Thomas Stearns Eliot, or T.S. Eliot as he is better known,
			was born in 1888 in
			St. Louis. He was the son of a prominent industrialist who came
			from a well- connected Boston family. Eliot always felt the loss
			of his family’s New England roots and seemed to be somewhat ashamed
			of his father’s business success; throughout his life he continually
			sought to return to the epicenter of Anglo- Saxon culture, first
			by attending Harvard and then by emigrating to England, where he
			lived from 1914 until
			his death.

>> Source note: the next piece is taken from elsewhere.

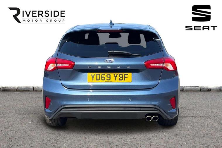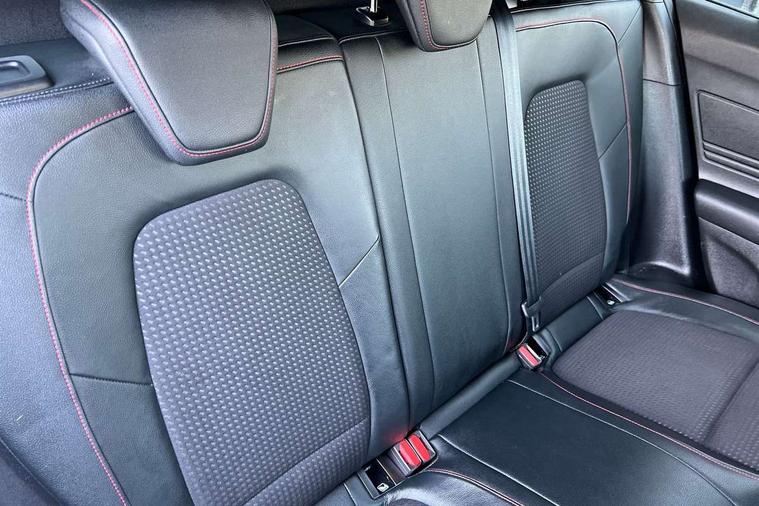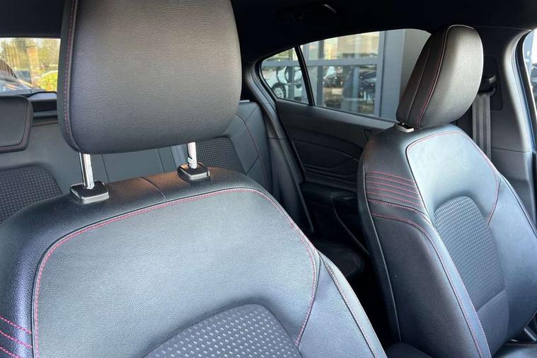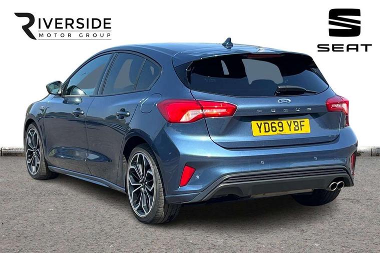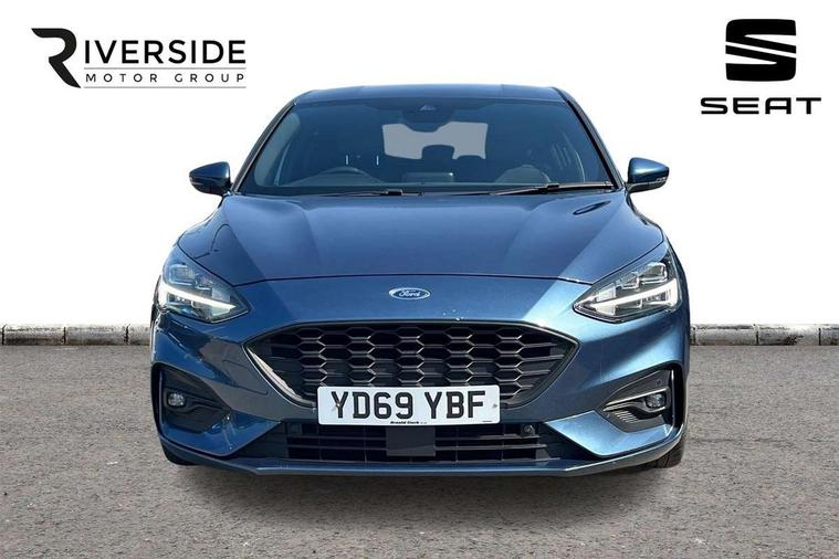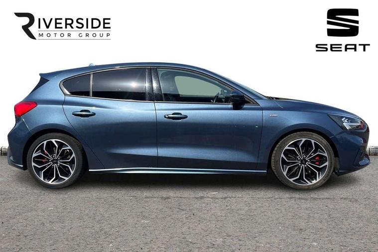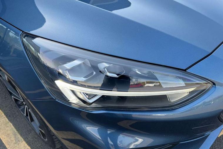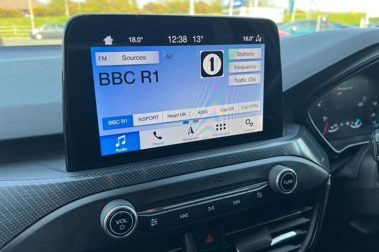 4" TFT coloured cluster screen, Bluetooth system, Digital clock, Easy fuel capless refuelling system, Eco mode, Ford pass connect, Ford SYNC 3 nav system with DAB radio, 8" colour touch screen, voice control, app link, Apple car play/Android auto and 4.2" TFT coloured cluster, Lane keeping aid with lane departure warning, PAS, Selectable drive mode, Trip computer, Diesel particulate filter, Sports tuned suspension, 2 USB ports, Aux input, 'Quickclear' heated windscreen/heated washer jets, Auto dimming rear view mirror, Auto headlamps (on/off), Automatic rain sensing wipers, Body colour large rear spoiler, Body colour power folding door mirrors with puddle lights, Body colour side skirt, Body coloured bumpers, Body coloured door handles, Body coloured electrically operated and heated door mirrors with side indicators, Electrically operated front and rear windows with one touch opening and closing, Front variable intermittent wipers with electric wash, Heated rear window, LED daytime running lamp, LED front fog lamps with cornering function, Polished twin tailpipe, Rear privacy glass, ST-Line upper and lower grille with full body styling kit and wing badges, Tailgate wash/wipe, Unique door and instrument panel inserts, 3 spoke flat bottomed leather steering wheel with red stitching, 6 way power adjustable driver seat, 60/40 split back and cushion rear seats with 2 height adjustable headrests, Alloy finish pedals, Aluminium gear knob, Centre console with armrest, Dark headliner, Dual zone electronic air temperature control, Front and rear floor mats with red stitching, Front passenger seat manual height and lumbar adjust, Heated front seats, Height adjustable front headrests, Isofix child seat preparation, Part leather upholstery with red stitching, Reach + rake adjustable steering column, Rear centre headrest, Red stitching on steering wheel, Soft console knee pads with red stitching, ABS+Electronic Brake force Distribution, Auto hold function, Driver airbag, Electronic parking brake, Electronic stability control, Front and rear seatbelt reminder, Front inertia reel height adjustable seatbelts with pre-tensioners, Front passenger airbag, Front side airbags, Hill start assist, Passenger airbag deactivate switch, Post collision braking, Pre collision assist with autonomous emergency braking and pedestrian/cyclist detection, Red brake calipers, Side curtain airbags, Three rear inertia reel lap/diagonal seatbelts, Tyre pressure monitoring system, MyKey system, Remote central locking & engine immobiliser, Thatcham category 1 alarm, Contrast stitching - Red, 18" 5x2 spoke matt black machined finish alloy wheels, Mini steel spare wheel,

Eliot began graduate study in philosophy at Harvard and
			completed his dissertation, although the outbreak of World War I
			prevented him from taking his examinations and receiving the degree.
			By that time, though, Eliot had already written “The Love Song of
			J. Alfred Prufrock,” and the War, which kept him in England, led
			him to decide to pursue poetry full-time. 
		Eliot met Ezra Pound in 1914,
			as well, and it was Pound who was his main mentor and editor and
			who got his poems published and noticed. During a 1921 break
			from his job as a bank clerk (to recover from a mental breakdown),
			Eliot finished the work that was to secure him fame, The
				Waste Land. This poem, heavily edited by Pound and perhaps
			also by Eliot’s wife, Vivien, addressed the fragmentation and alienation
			characteristic of modern culture, making use of these fragments
			to create a new kind of poetry. It was also around this time that
			Eliot began to write criticism, partly in an effort to explain his
			own methods. In 1925,
			he went to work for the publishing house Faber & Faber. Despite
			the distraction of his wife’s increasingly serious bouts of mental illness,
			Eliot was from this time until his death the preeminent literary
			figure in the English-speaking world; indeed, he was so monumental
			that younger poets often went out of their way to avoid his looming
			shadow, painstakingly avoiding all similarities of style. 
		Eliot became interested in religion in the later 1920s
			and eventually converted to Anglicanism. His poetry from this point
			onward shows a greater religious bent, although it never becomes
			dogmatic the way his sometimes controversial cultural criticism
			does. Four Quartets, his last major poetic work,
			combines a Christian sensibility with a profound uncertainty resulting
			from the war’s devastation of Europe. Eliot died in 1965 in London.